▶ [TASK TO COMPLETE] Please transcribe exactly the lines from the line holding "主卧延续了客厅浅灰色的基调,素雅大气,床" through the end of the data below, and skip any pictures.

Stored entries

▶

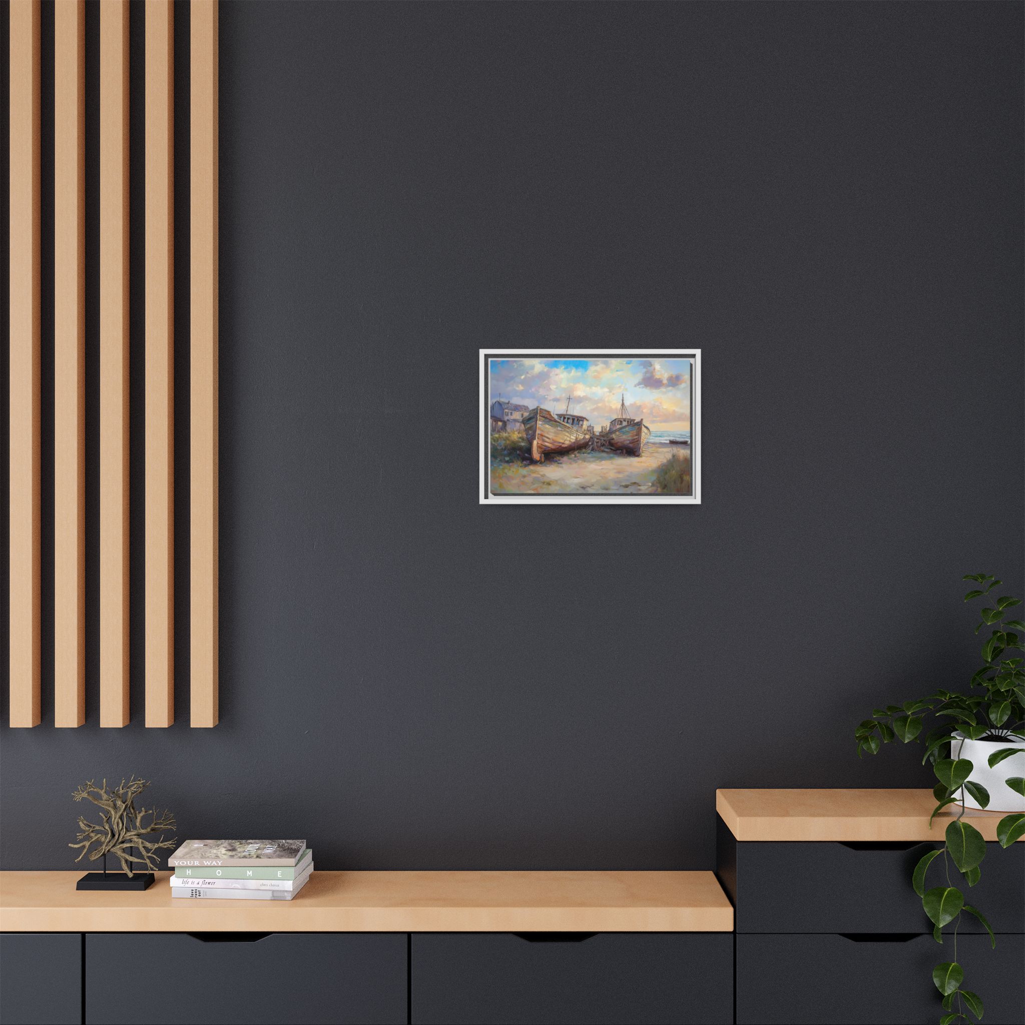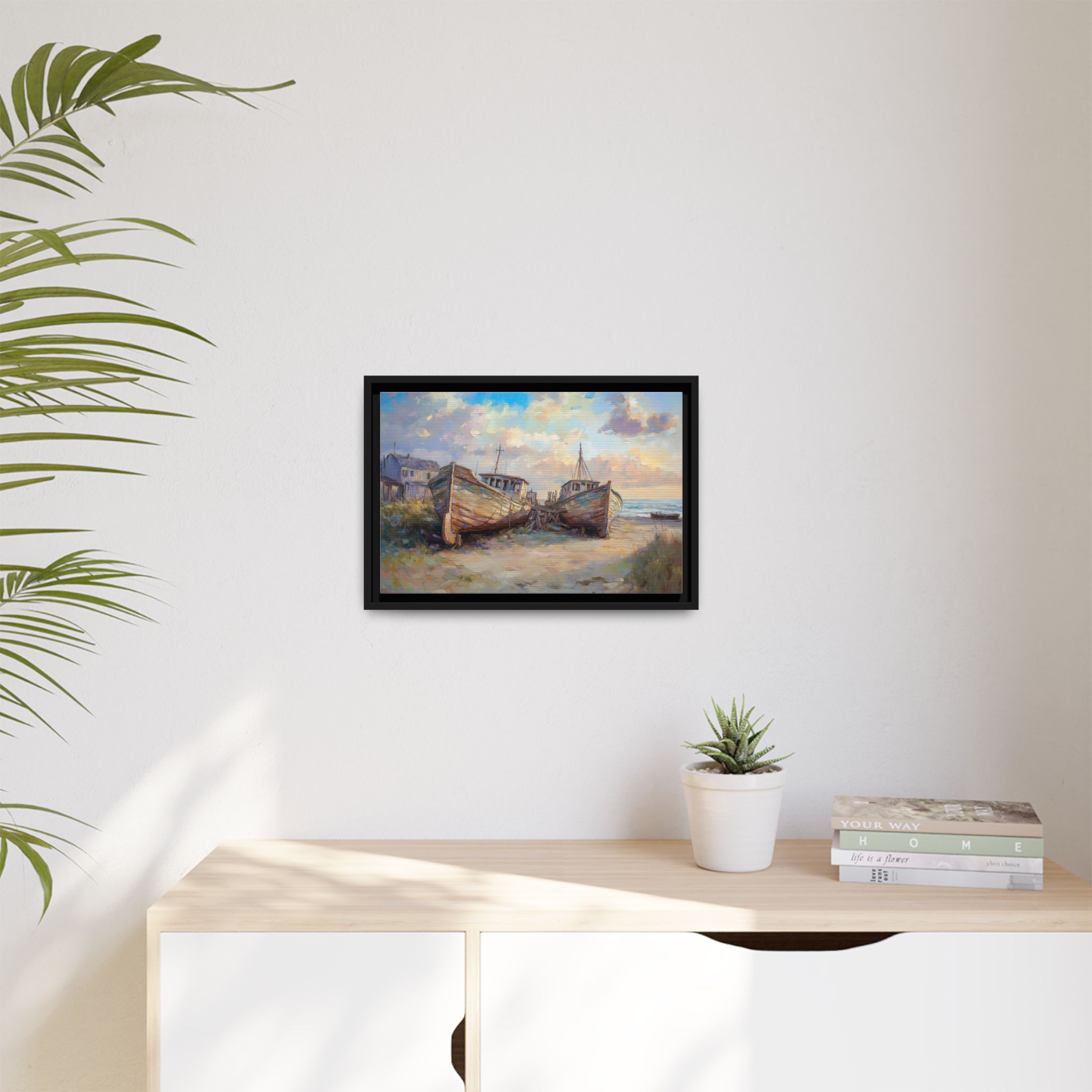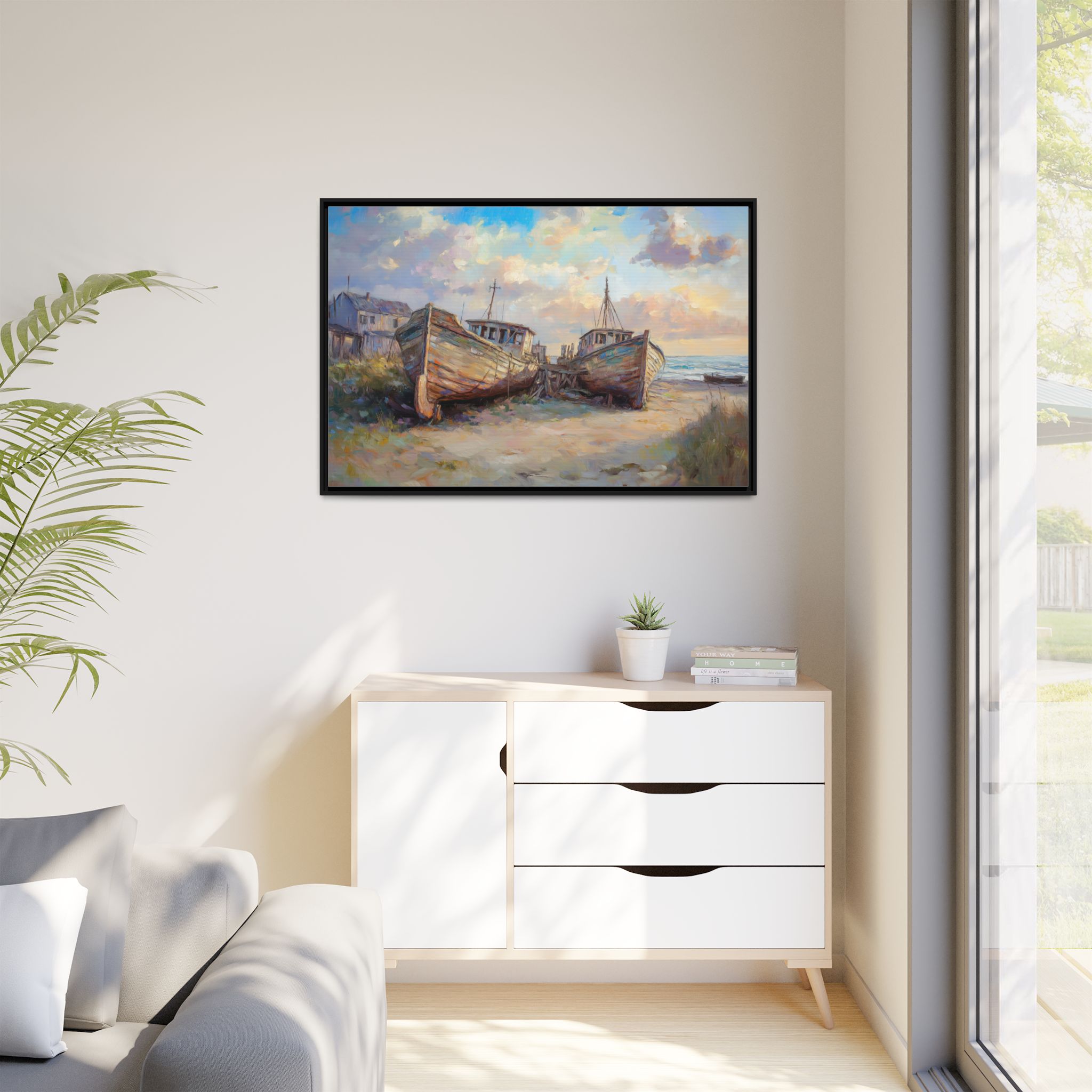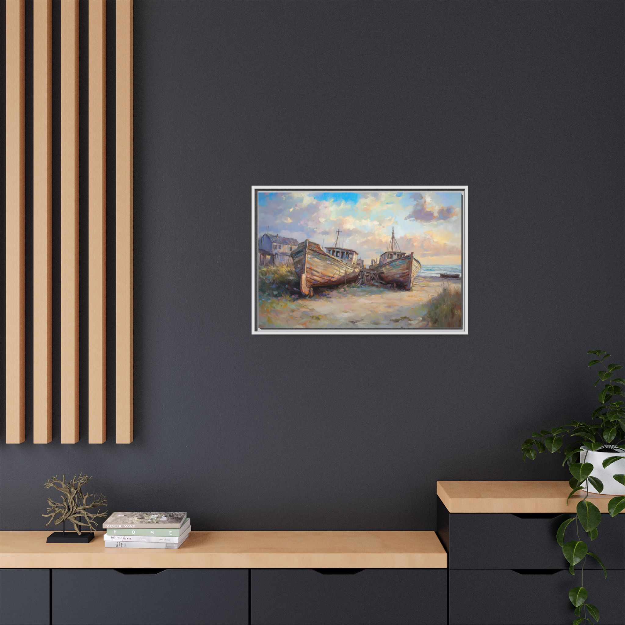Transport yourself to a coastal fishing village with this canvas print featuring retired fishing boats. Perfect for those who love the sea and maritime vibes, this art piece can add a touch of nostalgia to any room. Ideal for coastal home decor, beach house accents, and nautical themed spaces. Great for gifts for fishermen or beach lovers, perfect for Father's Day or retirement celebrations.
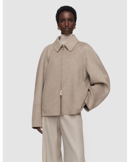 The Cooksey Double Face Cashmere Jacket is a relaxed fit, zipped jacket, crafted from a luxurious blend of wool and cashmere. This modern silhouette features soft, sculptural shaping across the back and sleeves. Elegantly finished with a double-ended zip and a detachable knitted collar for versatile styling.
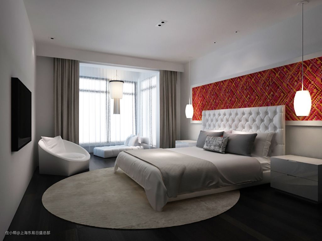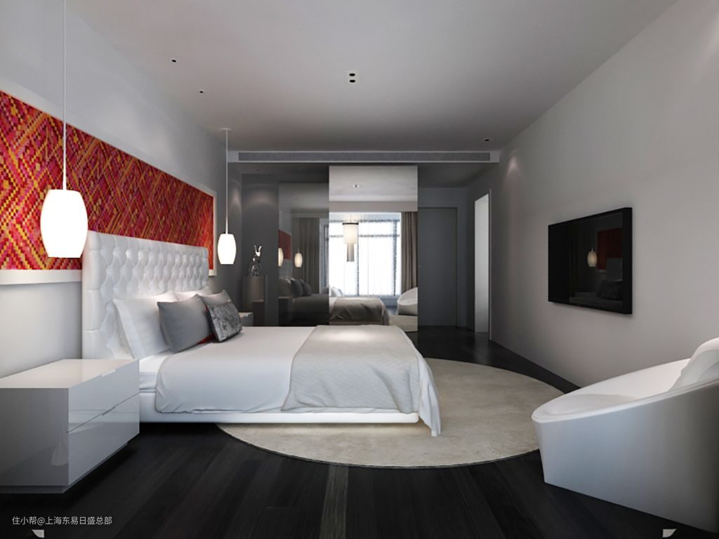 主卧延续了客厅浅灰色的基调,素雅大气,床头背景墙添加红色的装饰画作为提亮,让空间不至于过分低沉。白色的皮质双人床、舒适的床头靠背以及柔和的光线环境,营造舒适无压的睡眠环境。
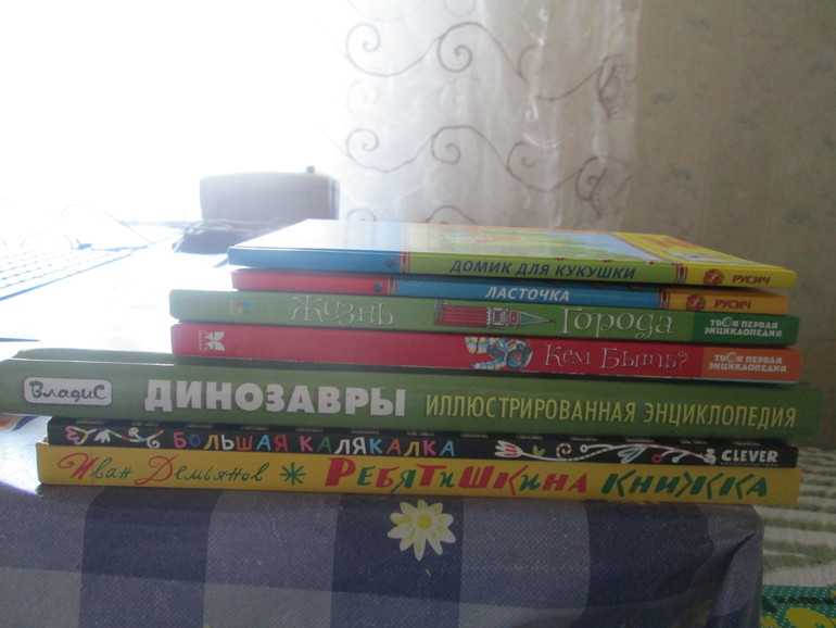 Это заказ с казахстанского сайта озон. Ждали мы эти книги (заказали с подругой вместе) около месяца. Получили сегодня. Из этой стопки пока немного почитали энциклопедию про динозавров,которую я долго ловила на озоне. Нас ожидает занятие или несколько-по динозаврам,в ближайшее время будем подробно изучать.
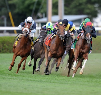 Rounding the final turn, Twilight Eclipse engaged Imagining, and Main Sequence (far left) had work to do (NYRA/Adam Coglianese Photography)
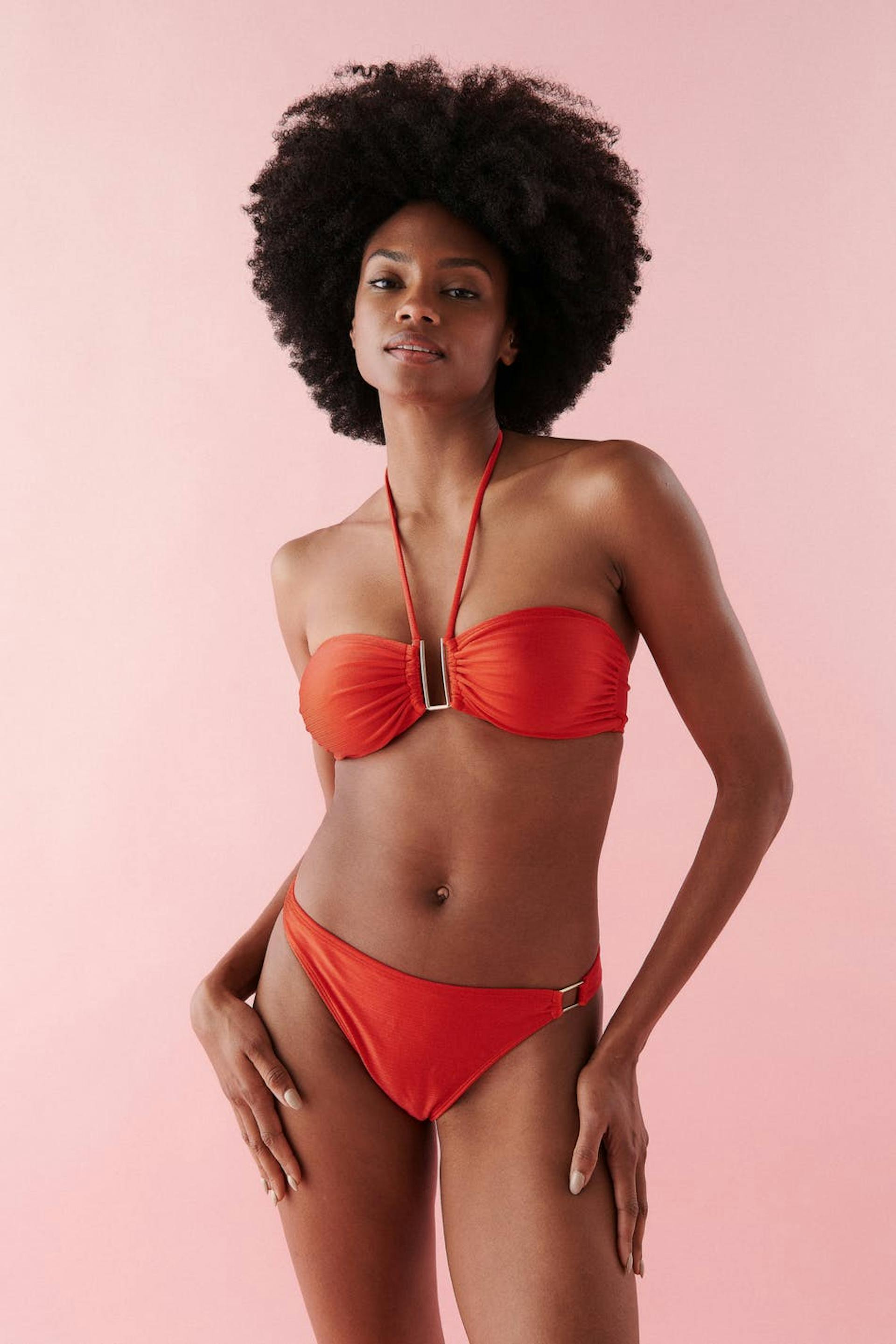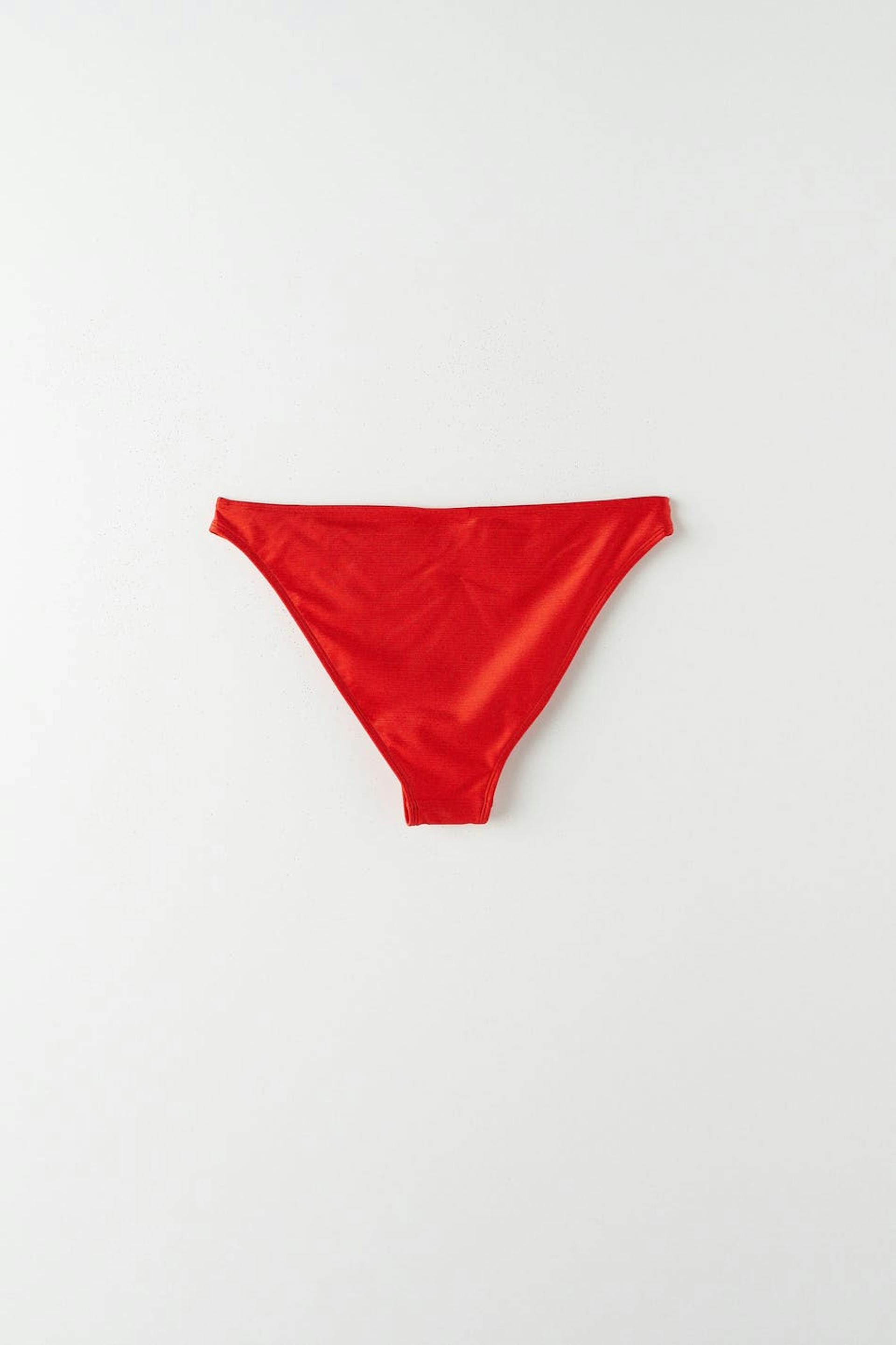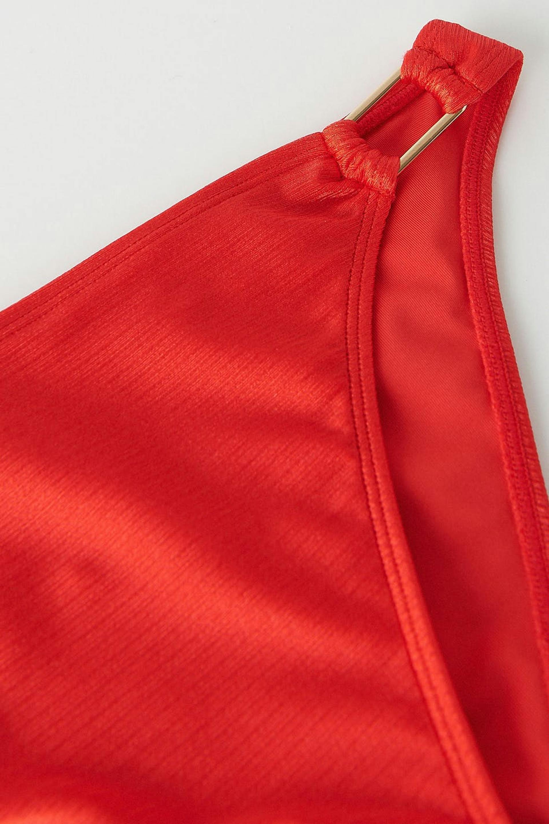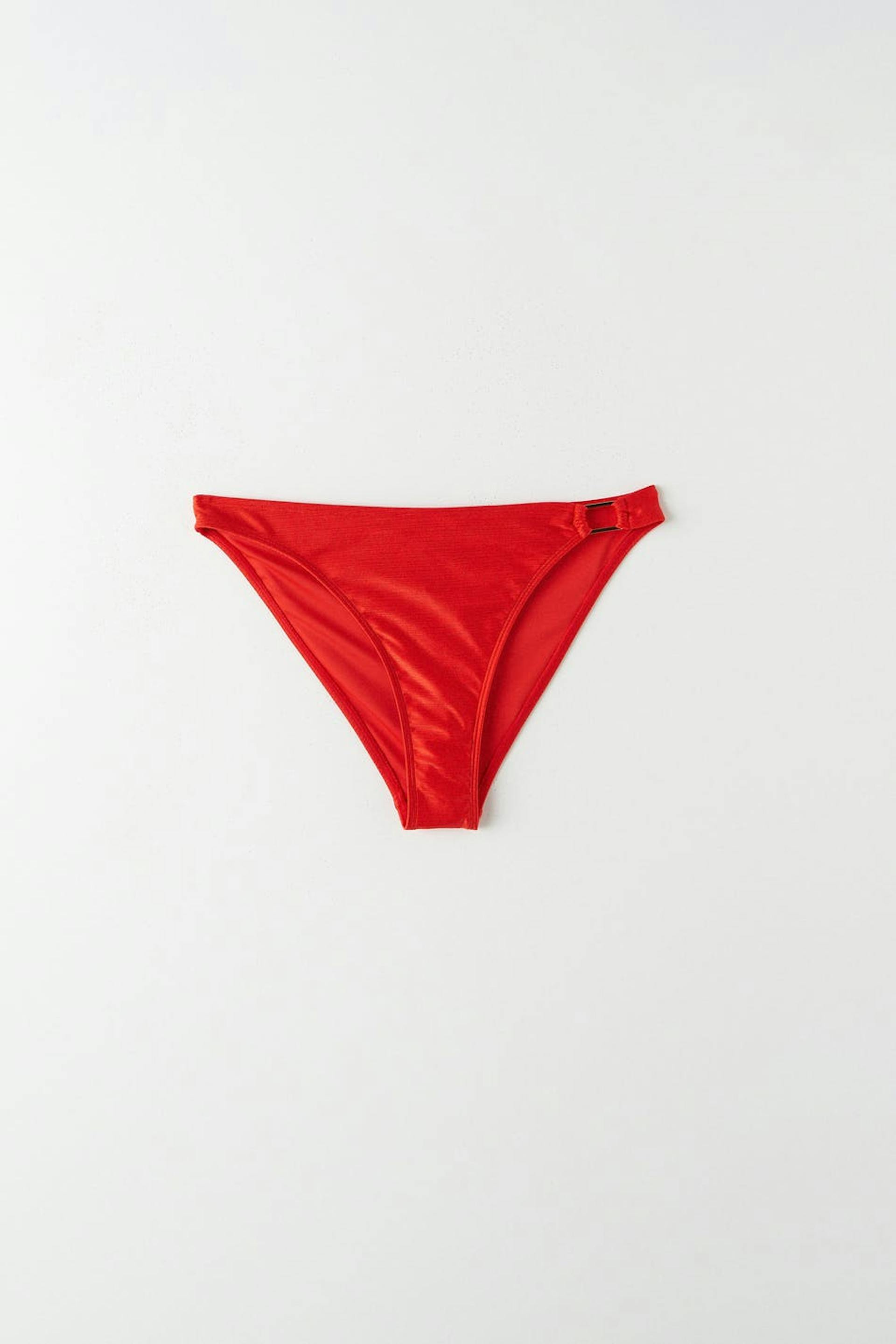 Fodrade bikinitrosor med ett glansigt baddräktsmaterial. Trosorna är röda och har en metalldetalj i sidorna. De har en mjuk resår i midjan och vid benöppningarna.

◀

▶ [SOLUTION FOR THIS EXERCISE]
 主卧延续了客厅浅灰色的基调,素雅大气,床头背景墙添加红色的装饰画作为提亮,让空间不至于过分低沉。白色的皮质双人床、舒适的床头靠背以及柔和的光线环境,营造舒适无压的睡眠环境。
 Это заказ с казахстанского сайта озон. Ждали мы эти книги (заказали с подругой вместе) около месяца. Получили сегодня. Из этой стопки пока немного почитали энциклопедию про динозавров,которую я долго ловила на озоне. Нас ожидает занятие или несколько-по динозаврам,в ближайшее время будем подробно изучать.
 Rounding the final turn, Twilight Eclipse engaged Imagining, and Main Sequence (far left) had work to do (NYRA/Adam Coglianese Photography)
 Fodrade bikinitrosor med ett glansigt baddräktsmaterial. Trosorna är röda och har en metalldetalj i sidorna. De har en mjuk resår i midjan och vid benöppningarna.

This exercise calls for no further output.